Assignment: Please retype the entries below exactly, only from their first line through the line containing "tiefem Blau, währe", leaving every picture out.

============

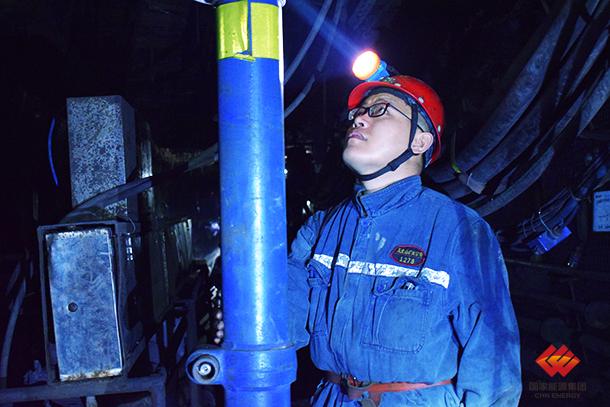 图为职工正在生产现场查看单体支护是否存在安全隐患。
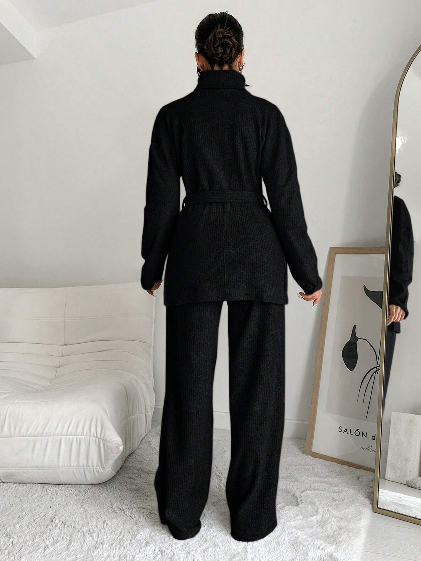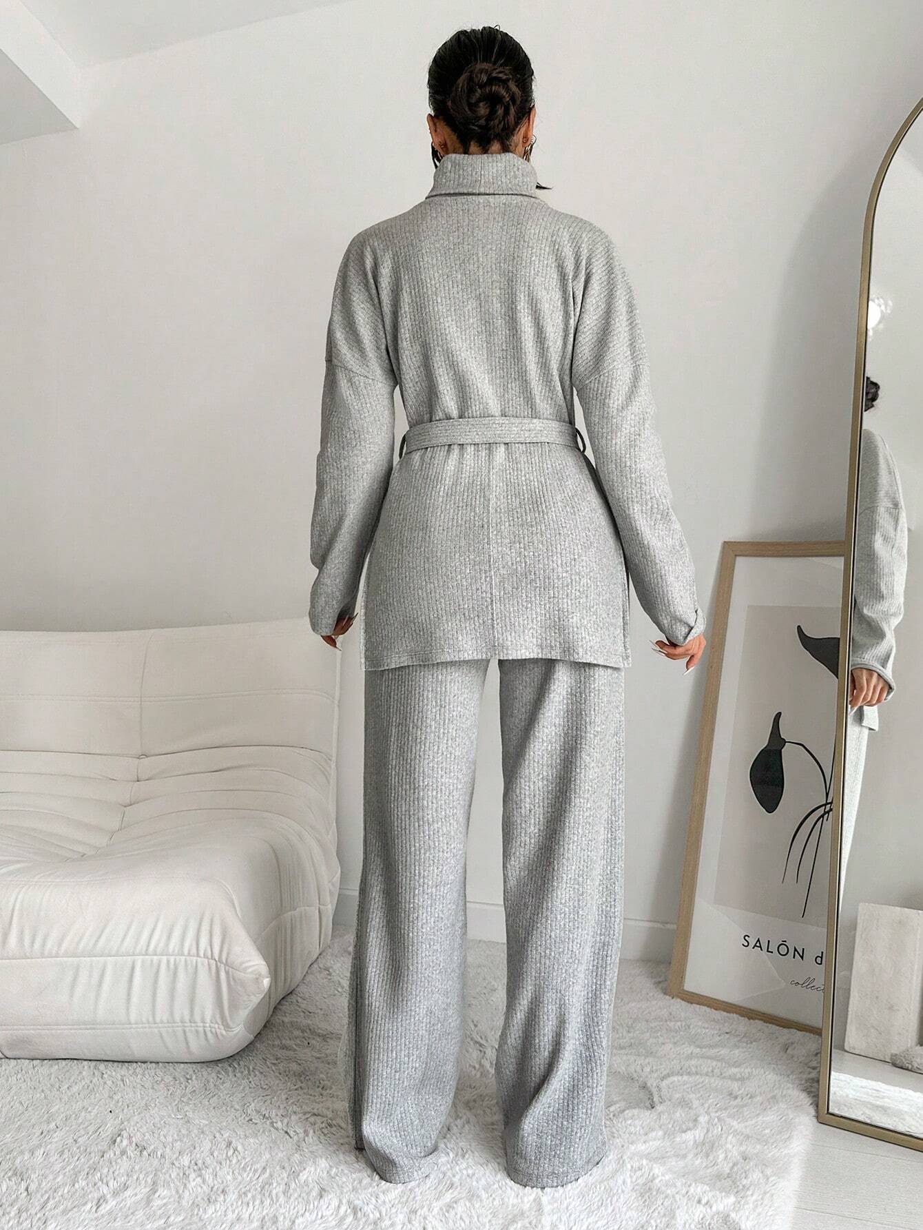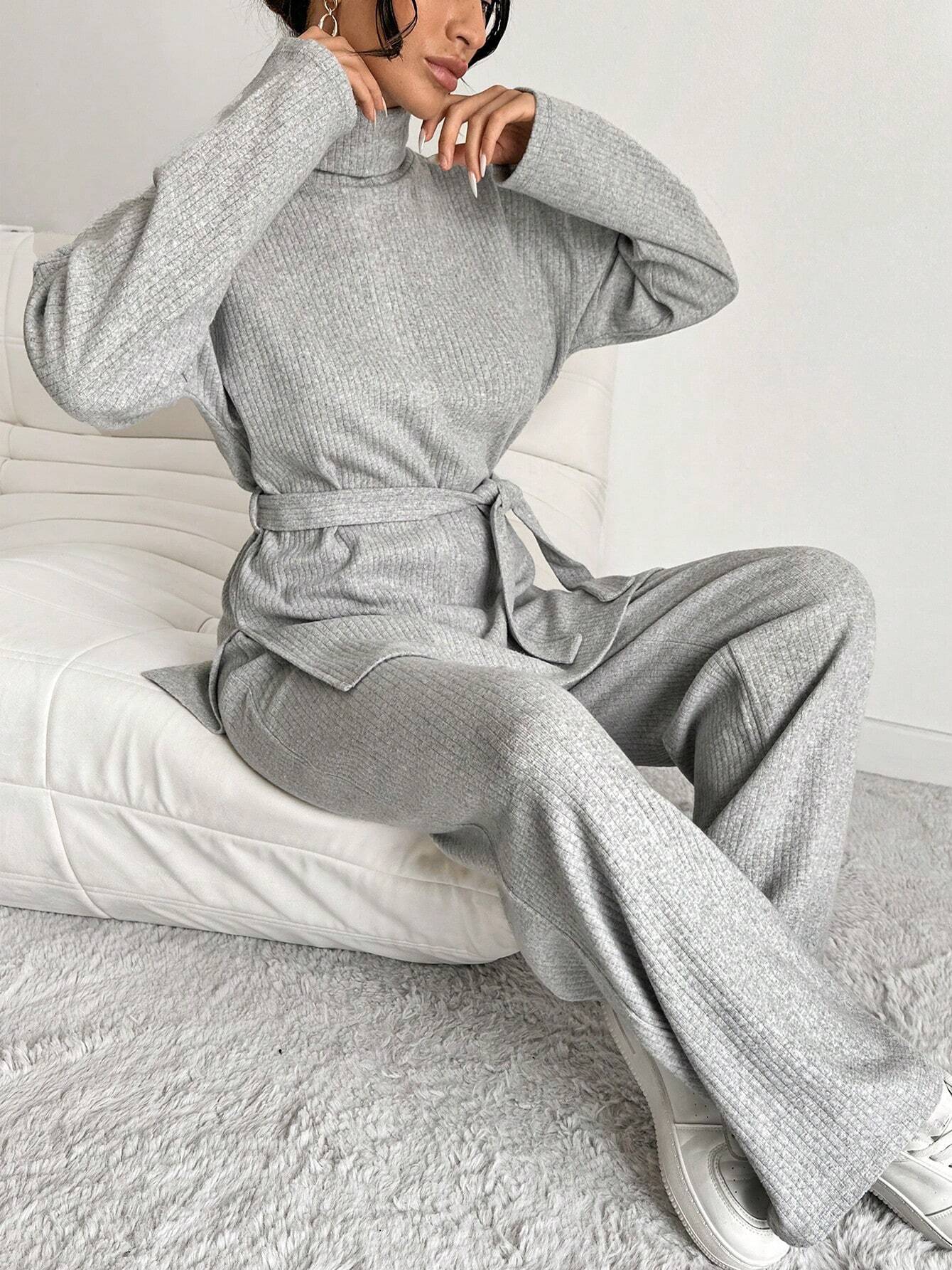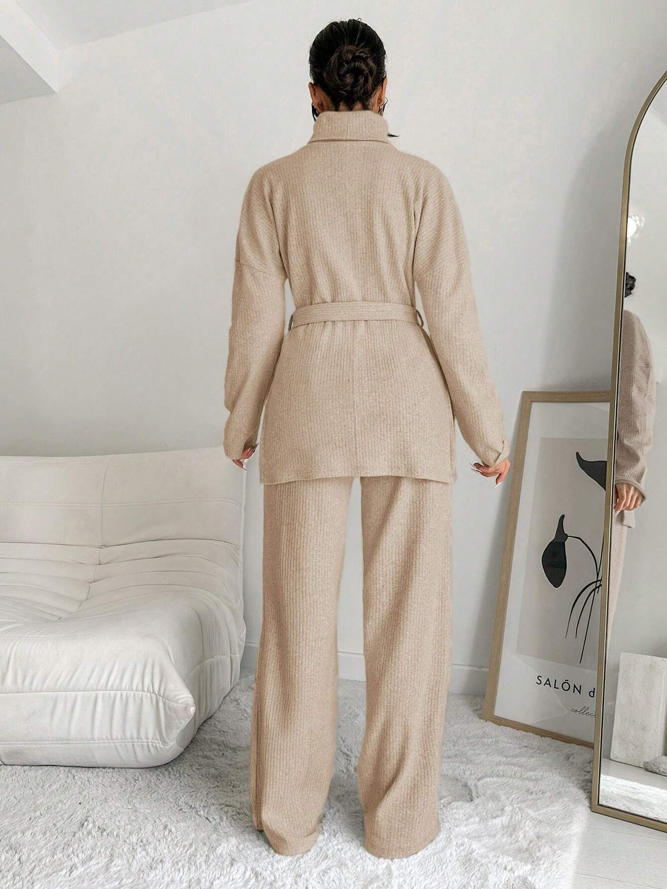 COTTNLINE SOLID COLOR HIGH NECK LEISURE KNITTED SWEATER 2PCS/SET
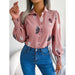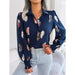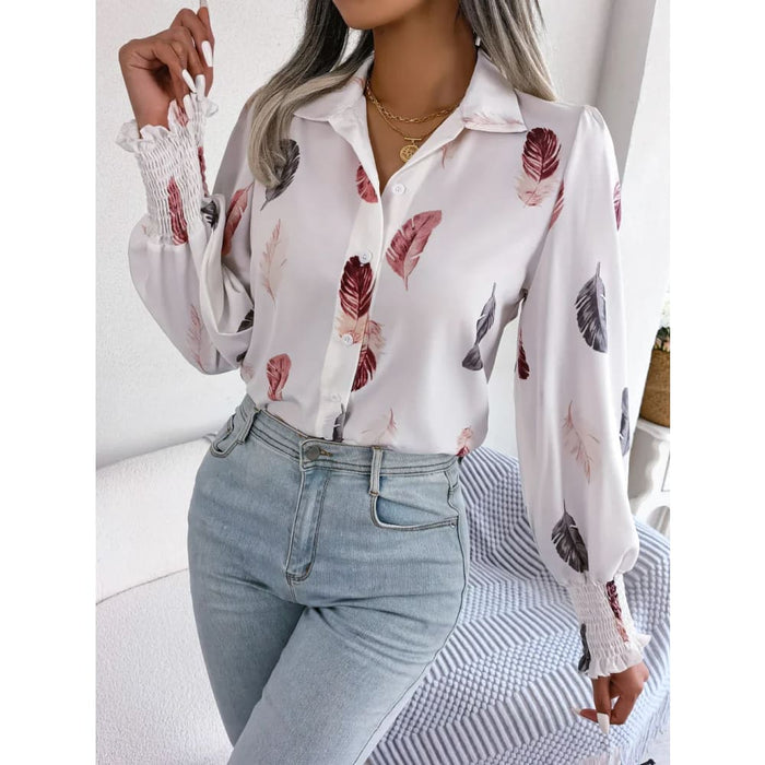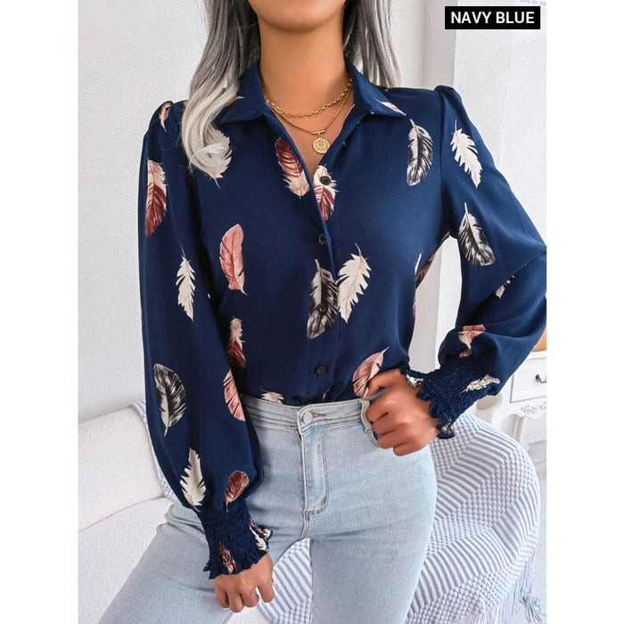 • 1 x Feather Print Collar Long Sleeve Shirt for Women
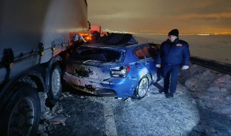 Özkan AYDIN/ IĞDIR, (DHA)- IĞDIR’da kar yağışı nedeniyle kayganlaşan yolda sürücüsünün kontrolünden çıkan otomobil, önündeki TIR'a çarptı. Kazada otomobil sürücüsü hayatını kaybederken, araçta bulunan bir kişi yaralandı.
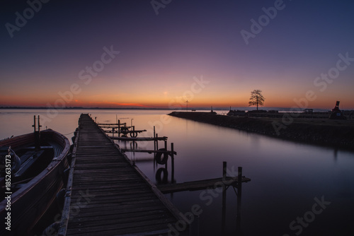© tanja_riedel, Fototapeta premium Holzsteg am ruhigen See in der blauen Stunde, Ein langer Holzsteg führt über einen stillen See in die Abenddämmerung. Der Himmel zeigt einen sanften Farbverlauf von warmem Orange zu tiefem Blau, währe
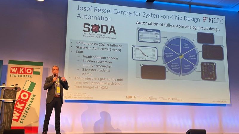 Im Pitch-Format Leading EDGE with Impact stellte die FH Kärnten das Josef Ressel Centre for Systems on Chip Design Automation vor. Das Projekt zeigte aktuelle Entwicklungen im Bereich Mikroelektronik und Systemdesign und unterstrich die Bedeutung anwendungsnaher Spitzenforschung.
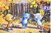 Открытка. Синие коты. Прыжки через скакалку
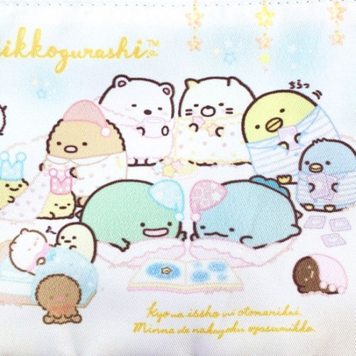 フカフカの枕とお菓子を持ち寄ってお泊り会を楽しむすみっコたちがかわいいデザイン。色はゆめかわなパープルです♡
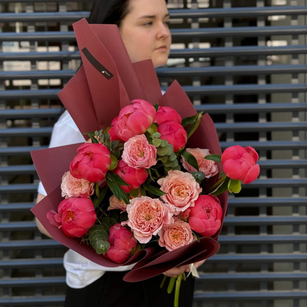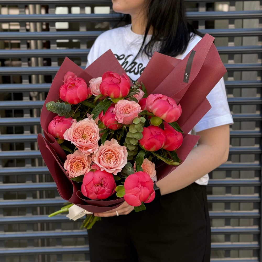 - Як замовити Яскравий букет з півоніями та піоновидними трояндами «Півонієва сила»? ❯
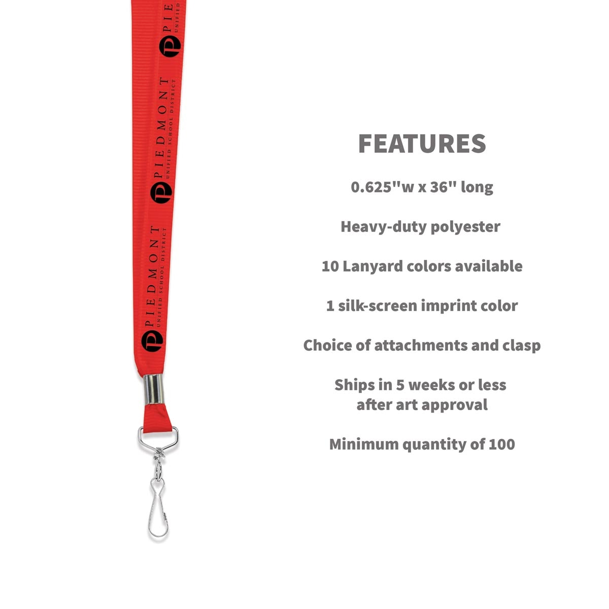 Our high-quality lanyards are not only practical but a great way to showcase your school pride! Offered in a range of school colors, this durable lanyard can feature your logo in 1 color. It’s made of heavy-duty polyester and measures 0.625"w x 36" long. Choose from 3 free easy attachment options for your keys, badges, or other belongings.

============

Exercise output:
 图为职工正在生产现场查看单体支护是否存在安全隐患。
 COTTNLINE SOLID COLOR HIGH NECK LEISURE KNITTED SWEATER 2PCS/SET
 • 1 x Feather Print Collar Long Sleeve Shirt for Women
 Özkan AYDIN/ IĞDIR, (DHA)- IĞDIR’da kar yağışı nedeniyle kayganlaşan yolda sürücüsünün kontrolünden çıkan otomobil, önündeki TIR'a çarptı. Kazada otomobil sürücüsü hayatını kaybederken, araçta bulunan bir kişi yaralandı.
© tanja_riedel, Fototapeta premium Holzsteg am ruhigen See in der blauen Stunde, Ein langer Holzsteg führt über einen stillen See in die Abenddämmerung. Der Himmel zeigt einen sanften Farbverlauf von warmem Orange zu tiefem Blau, währe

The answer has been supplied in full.